Aplasia Cutis Congenita (ACC) is a rare skin disorder seen in neonates. The disease is characterized by absence of certain skin layers. The most commonly affected region is the scalp. However, the trunk, arms, and/or legs may also be affected. The disease commonly presents as a solitary lesion, which may cover a large part of the site. The affected area is well-circumscribed, not inflamed, and covered with a thin, transparent membrane. The skin lesions are usually benign, but they may be associated with other underlying disorders. In severe cases, the scalp and the skull may be deficient, exposing the dura, whereas in other cases, the scalp, bone, and dura, all may be deficient, exposing the brain.

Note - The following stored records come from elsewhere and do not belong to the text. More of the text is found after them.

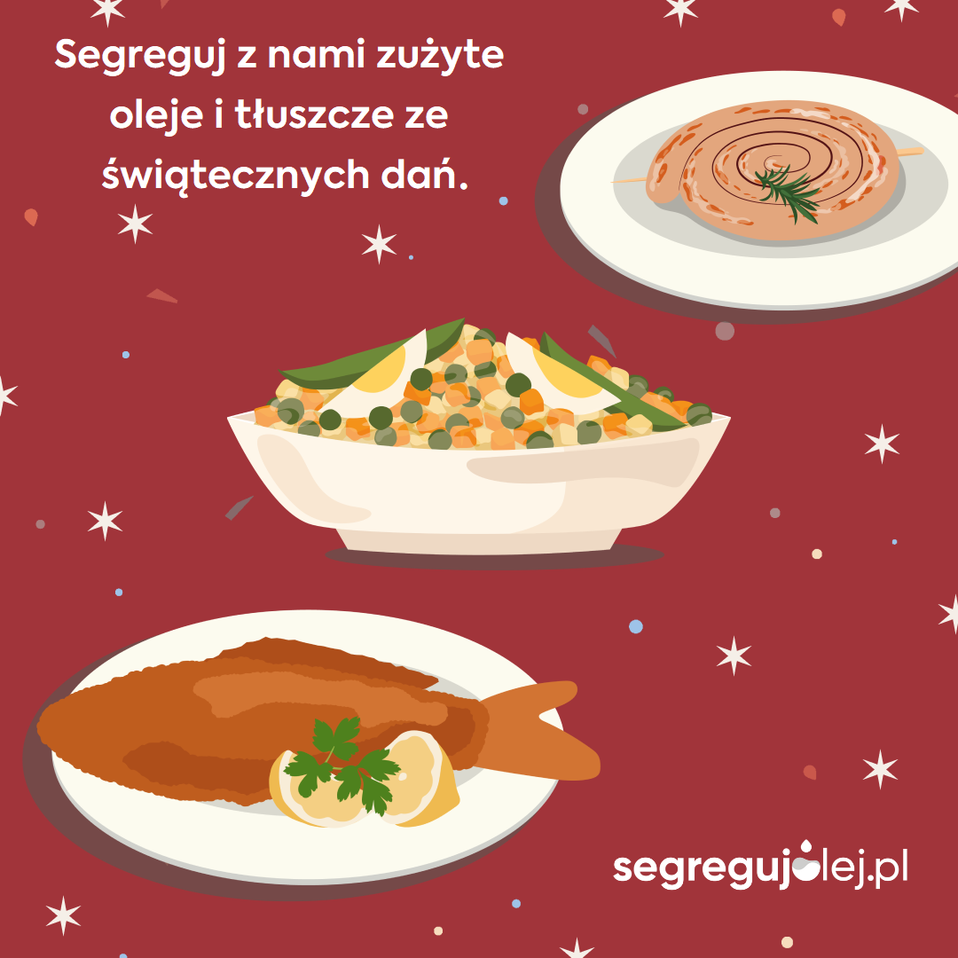 Świąteczny stół obfituje w wiele dań, w wielu domach królują tradycyjne potrawy, inni serwują je w nowoczesnej odsłonie. Jednak w większości przypadków święta nie mogą obejść się bez oleju i tłuszczu w kuchni. Co więcej, zużywa się go w ciągu tych kilku dni tyle samo, co przez cały roku. Dlatego w tym czasie ważna jest segregacja zużytych olejów i tłuszczów, żeby nie szkodziły sieciom kanalizacyjnym i mogły zostać wykorzystane ponownie.
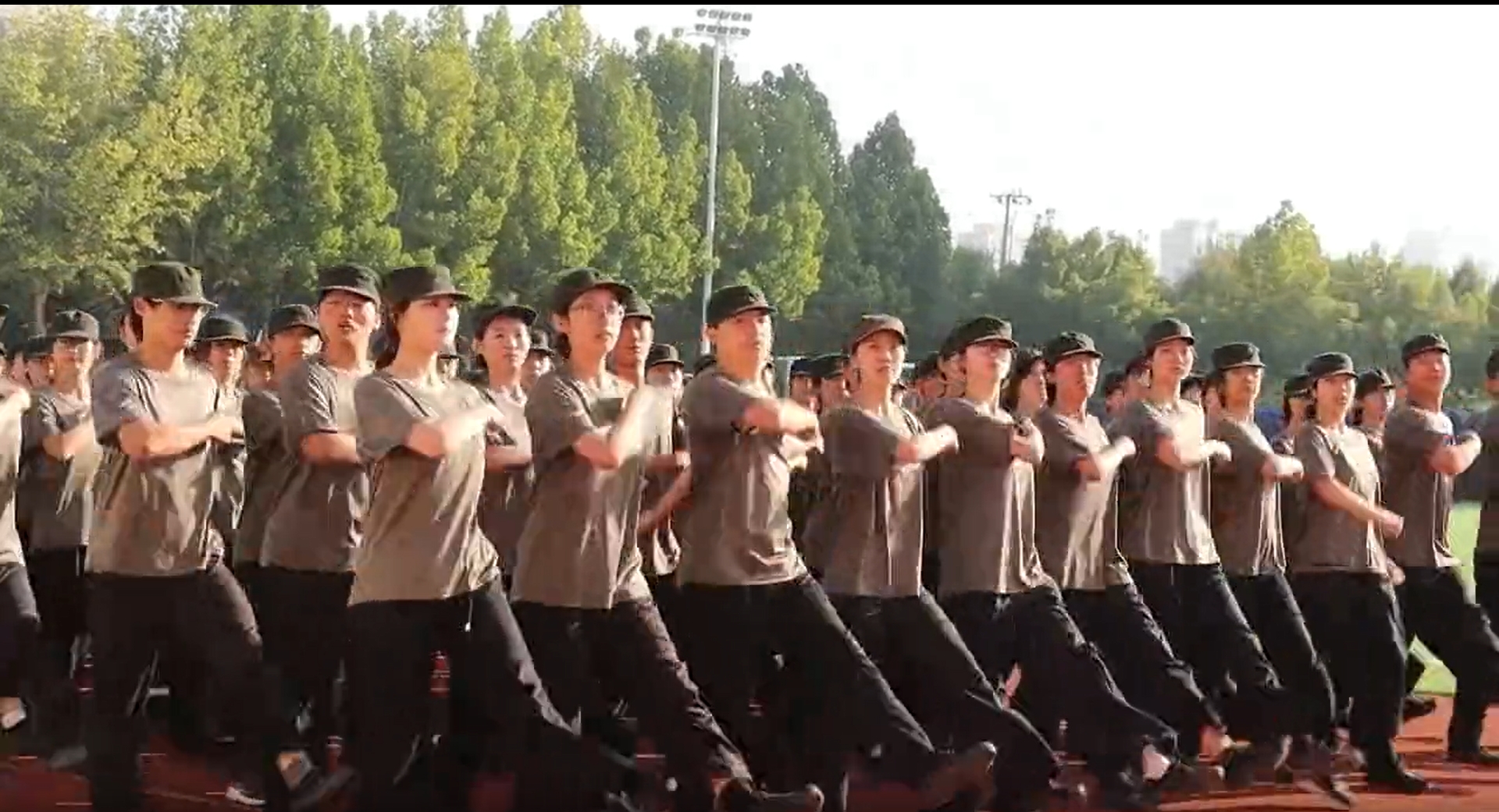 “2025级新生军训团集合完毕, 请检阅!” “开始!” 伴着朝阳 仪式正式开始
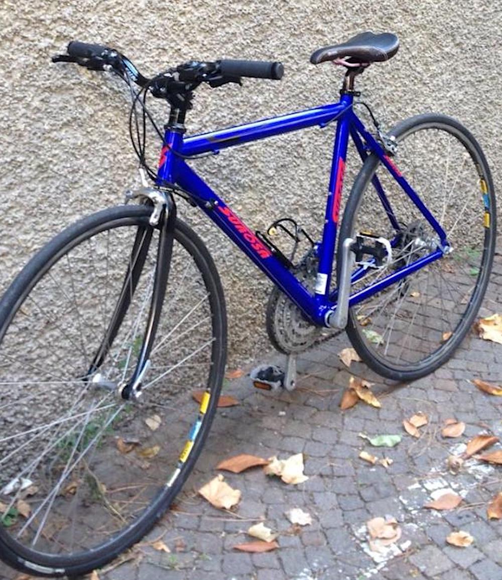 Bici acquistata a Londra, telaio colore blu elettrica di taglia piccola, forcella anteriore nera, scritta sul telaio SUROSA in rosa, cerchi MAVIC, sellino marca CHARGE, portaborracce nera con pezzi gialli, cambio Shimano 3x7
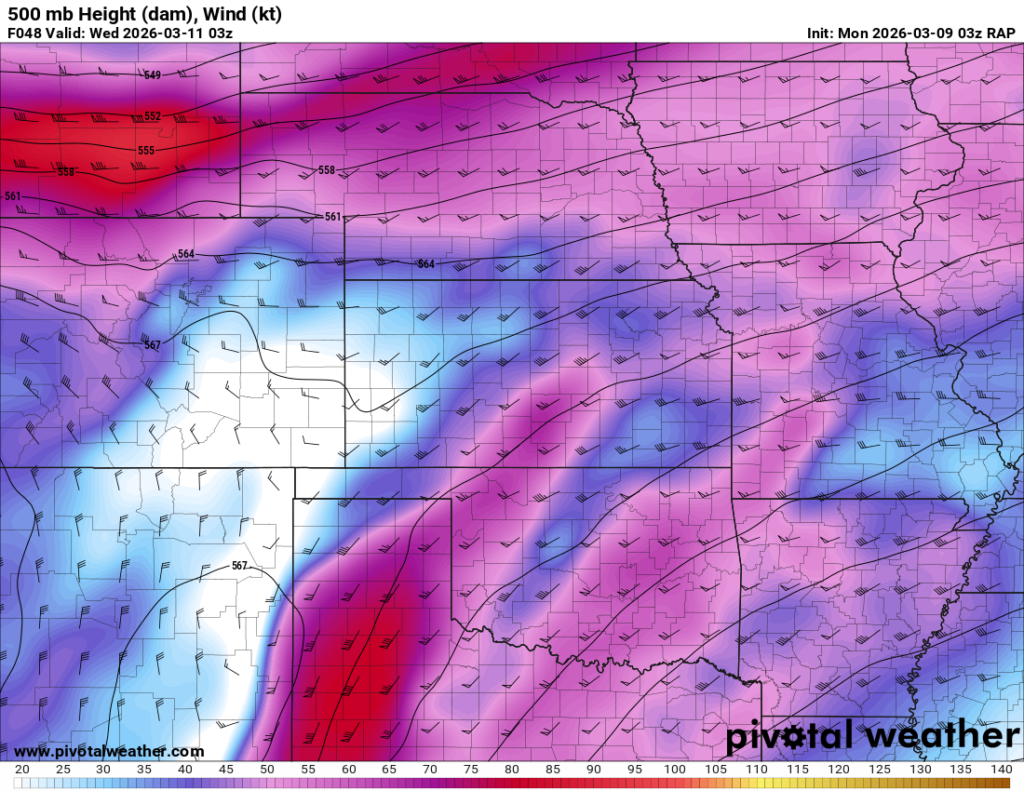 Looking out 2 full days, the evening RAP run on Saturday night March 7th (03Z on March 8) was showing the possibility of supercells in Central and Southern Oklahoma. With the main jet stream staying north, a cut off low over Northern Mexico and ejecting into Texas/Oklahoma in the late afternoon and evening hours. With the success I had with cutoff lows in 2012, I couldn’t ignore this system in the Southern Plains.
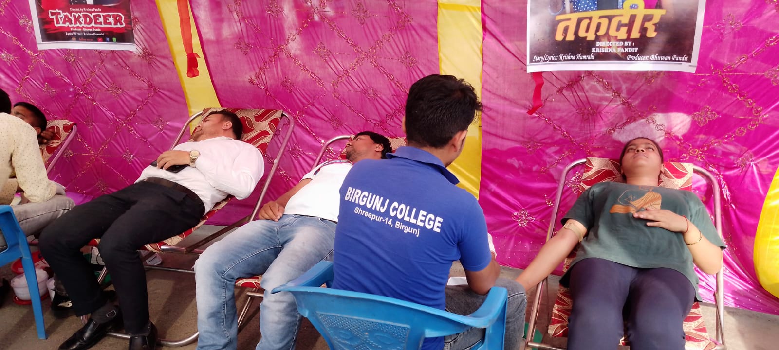बाबा बी फिल्मस प्रोडक्सन बीरगंज पर्साका कैमरामैन तथा डाईरेक्टर कृष्णा पंडीतको अध्यक्षतामा भएको रक्तदान तथा तकदीर मुभीको बिमोचन कार्यक्रमका बिशिष्ट अतिथीमा सामाजिक अभियन्ता बृजेश्वर चौधरी,प्रकाश थारु,रामकिशोर मिश्रा,कलाकार सुनील पंडित, शिव पटेल,ज्ञानेन्द्र कुमार सिंह,अराध्या श्रीवास्तव,कृष्णा हमराही,भुवन पंडित,भागीरथ साह,संगीता तिवारी,पुनम चौधरी,सुस्मिता यादव लगायतको उपस्थिति रहेको थियो।
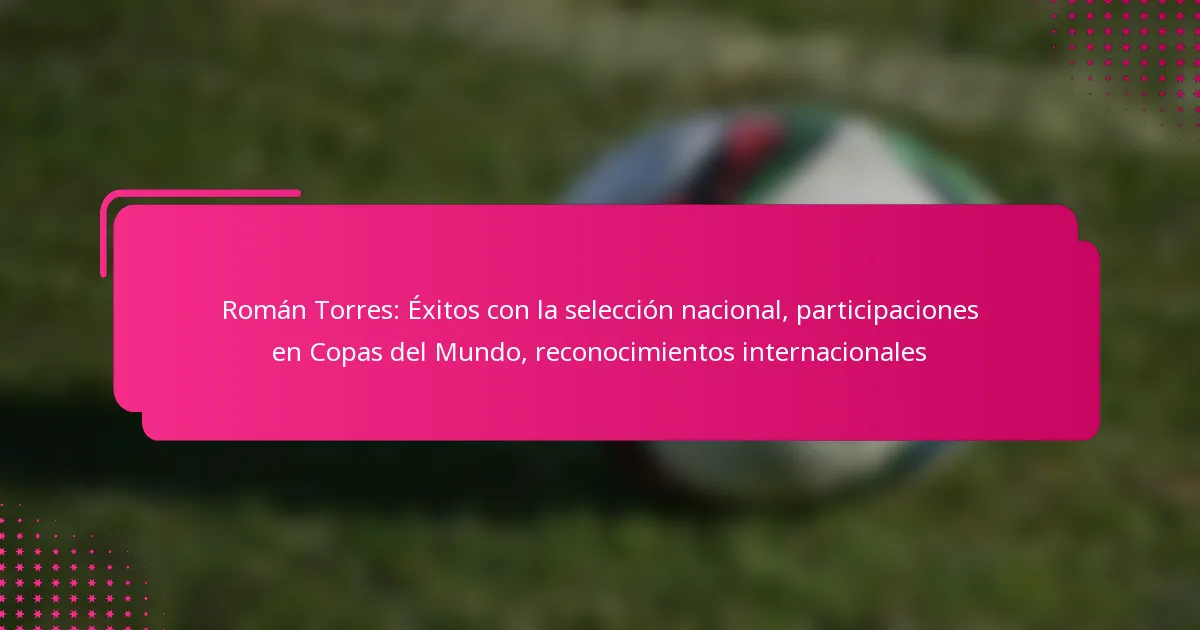 Román Torres ha obtenido importantes reconocimientos internacionales a lo largo de su carrera futbolística, particularmente con la selección nacional de Panamá. Sus contribuciones han sido fundamentales en torneos importantes, incluyendo la Copa Mundial de la FIFA y la Copa Oro de la CONCACAF, destacando su estatus como un jugador clave y líder.

Genetic factors, teratogens, as well as compromised vasculature of the skin have been implicated in causing ACC. In many cases, the disease has been found to be caused due to the early rupture of amniotic membranes. Mild forms of the disease can be managed by gentle cleansing of affected areas along with the application of ointments to prevent drying out. More severe cases, like full thickness defects of the scalp may lead to mortality in 50% of the cases, as they may be prone to haemorrhages, infection, and sagittal sinus thrombosis. Surgical intervention is required in such cases.
Although there have been reports of familial occurrences of ACC, genetic etiology of disease is not fully understood. Both autosomal dominant and recessive modes of inheritance have been noticed in Aplasia Cutis. Studies have shown an association of the condition with BMS1 gene in a family with autosomal dominant form of ACC.